Chloé is devastated: furious and hurt and afraid. Pierre is overwhelmed by the intensity of her emotions.
The film brings this out brilliantly. The setting: the confines of the rough countryhouse in winter, the sense that her children are smothering her just when she needs that space for her grief.
One set of paired images — a close-up of one of her daughters beneath the surface of the bath, holding her breath with her eyes bulging simply-for-the-fun-of-it contrasted with close-ups of Chloé, struggling to contain her emotions — is particularly memorable.
Both the film and the novel mostly concentrate on the interior, on emotions that are felt but not expressed, or those which escape in small bits, unchecked and then reined in once more.

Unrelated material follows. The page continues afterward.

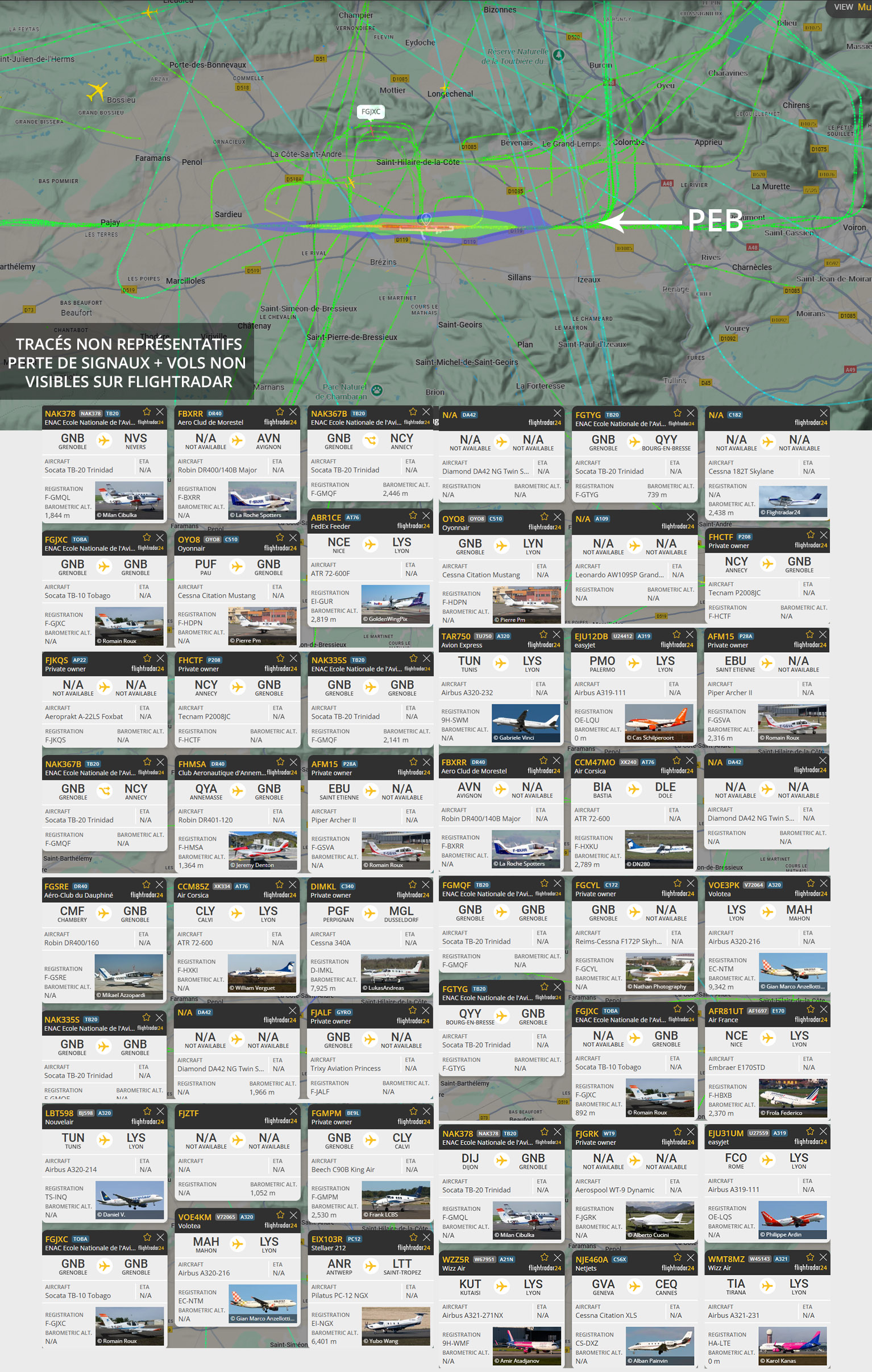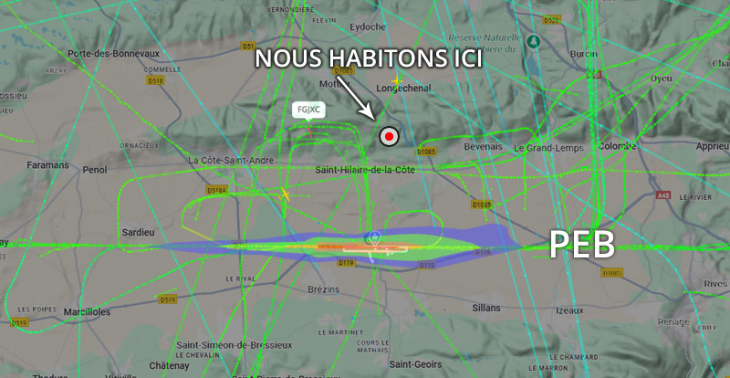 Visuel non représentatif de la réalité, perte fréquente de signaux et vols non visibles sur Flightradar. * PEB : Plan d’exposition au bruit, absolument non représentatif de la réalité.

But the most memorable aspect of both book and film is rooted in emotions that have been too-long felt but unexpressed.
Chloé’s emotions have forced Pierre to confront an aspect of his own past — one integrally related to the situation in which Chloé now finds herself — and that which has been hidden for years is brought out into the open.
The film brings this aspect of the novel out with an immediacy; told in the novel only through Pierre’s memories, this plotline feels much more distant on the page.
Book and film complement each other nicely. (And both are accessible in English: Someone I Loved, translated by Catherine Evans. Je l’aimais with subtitles.)
Have you read/seen it?
Thanks, Laura and Natasha. I’ve only read this novel and two graphic novels in French this year. My vocabulary is in a horrible state, and I have to choose books that have a straightforward structure and style. Gavalda is perfect for that…in a Duras kind of way. She’s using very simple language to discuss very complex emotions. And this is a love story inside a love story: of course I wanted to know what happened, so I wanted to read on!
I haven’t seen or read this! It sounds amazing.
I’m mostly impressed that you read the book in French!